— Dataset excerpts —
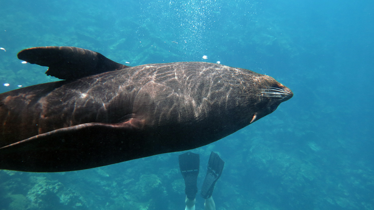 After this dive, plans for a third here were scrapped and we headed in the small RHIBs to a lagoon where we snorkeled with Fur Sealions.
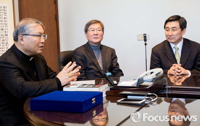 (서울=포커스뉴스) 10일 오후 서울 중구 명동성당에서 열린'장발장법 통과에 대한 감사패 전달식'에 참석한 염수정(왼쪽) 추기경과이종걸(오른쪽) 더불어민주당 원내대표가 생대화하고 있다.
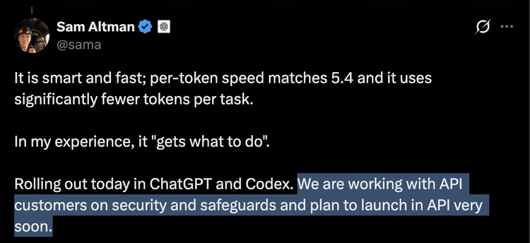 再看API延迟发布。官方说”working on security and safeguards”。客观效果:API上线前想用GPT-5.5,唯一路径是Codex生态。用户被锁进了应用层。
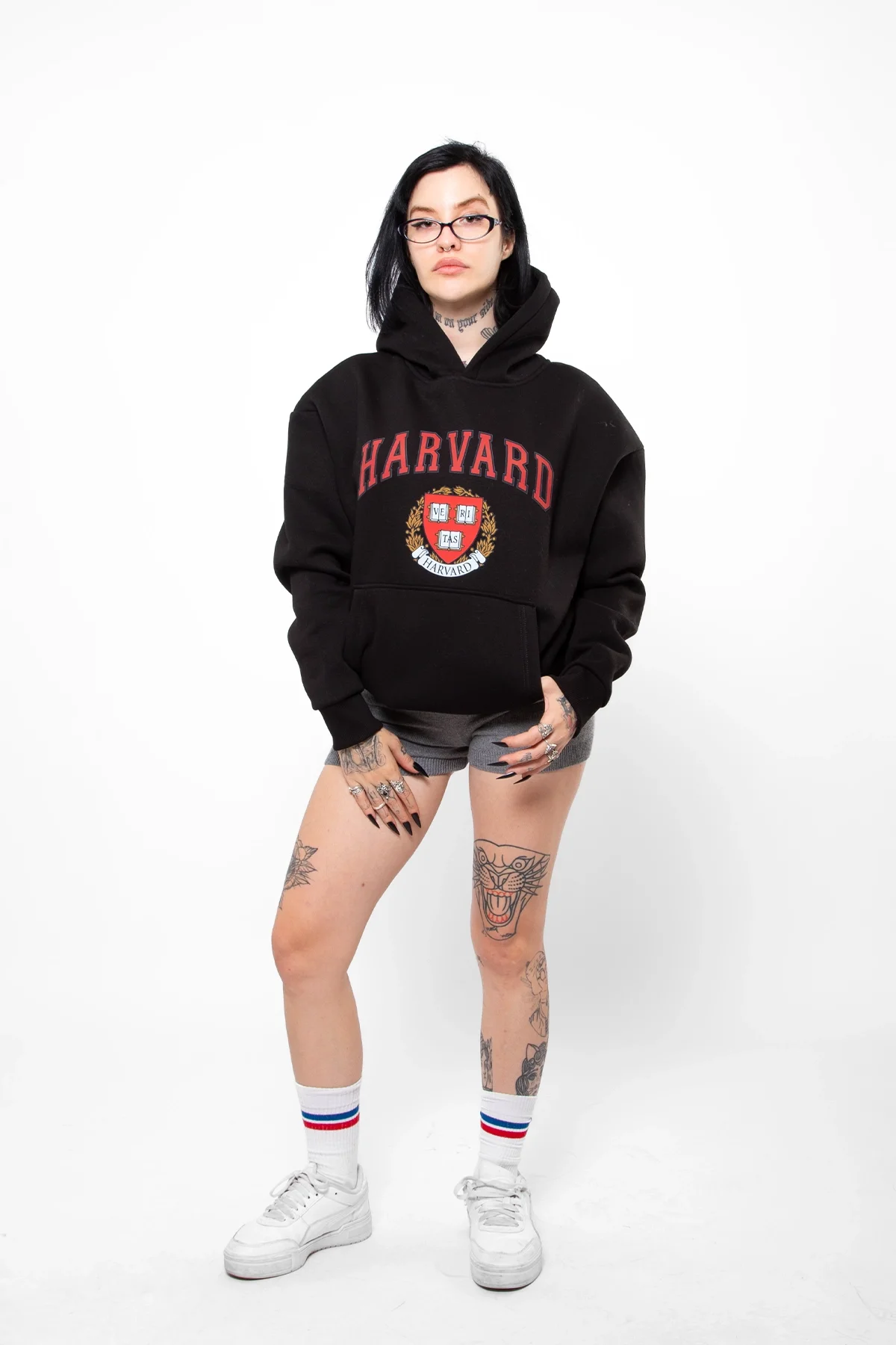 Stilini sade ama çarpıcı bir dokunuşla tamamla.Harvard Baskılı Hoodie, oversize kesimi ve zamansız Siyah rengiyle hem konforu hem tarzı bir araya getiriyor. Göğüs kısmındaki yazısı ve baskı detayıyla enerjik ve özgün bir görünüm sunar.
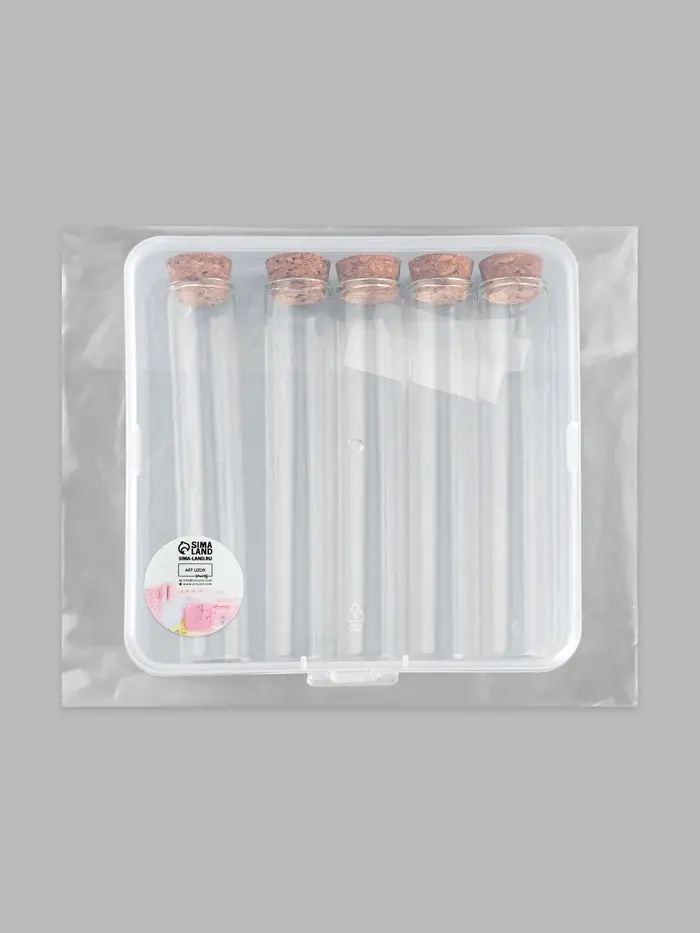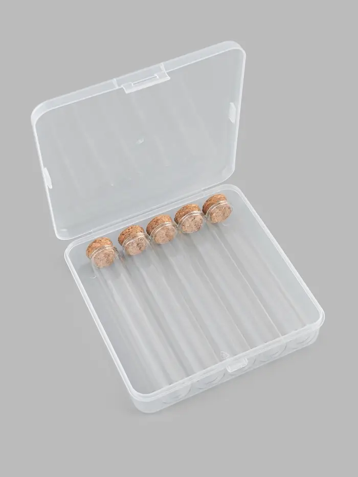 Каждая баночка имеет высоту 12 см и диаметр 2,2 см, что делает их достаточно вместительными для различных материалов, не занимая при этом много места. Прозрачный материал позволяет легко видеть содержимое, а сочетание стекла и пластика гарантирует прочность и долговечность изделий. Все баночки помещаются в эргономичный контейнер размером 13,5 × 13,5 × 3,5 см, который обеспечивает дополнительную защиту при хранении или переноске.

— To do —
Give an exact copy of the material, leaving out every picture.

— Written response —
 After this dive, plans for a third here were scrapped and we headed in the small RHIBs to a lagoon where we snorkeled with Fur Sealions.
 (서울=포커스뉴스) 10일 오후 서울 중구 명동성당에서 열린'장발장법 통과에 대한 감사패 전달식'에 참석한 염수정(왼쪽) 추기경과이종걸(오른쪽) 더불어민주당 원내대표가 생대화하고 있다.
 再看API延迟发布。官方说”working on security and safeguards”。客观效果:API上线前想用GPT-5.5,唯一路径是Codex生态。用户被锁进了应用层。
 Stilini sade ama çarpıcı bir dokunuşla tamamla.Harvard Baskılı Hoodie, oversize kesimi ve zamansız Siyah rengiyle hem konforu hem tarzı bir araya getiriyor. Göğüs kısmındaki yazısı ve baskı detayıyla enerjik ve özgün bir görünüm sunar.
 Каждая баночка имеет высоту 12 см и диаметр 2,2 см, что делает их достаточно вместительными для различных материалов, не занимая при этом много места. Прозрачный материал позволяет легко видеть содержимое, а сочетание стекла и пластика гарантирует прочность и долговечность изделий. Все баночки помещаются в эргономичный контейнер размером 13,5 × 13,5 × 3,5 см, который обеспечивает дополнительную защиту при хранении или переноске.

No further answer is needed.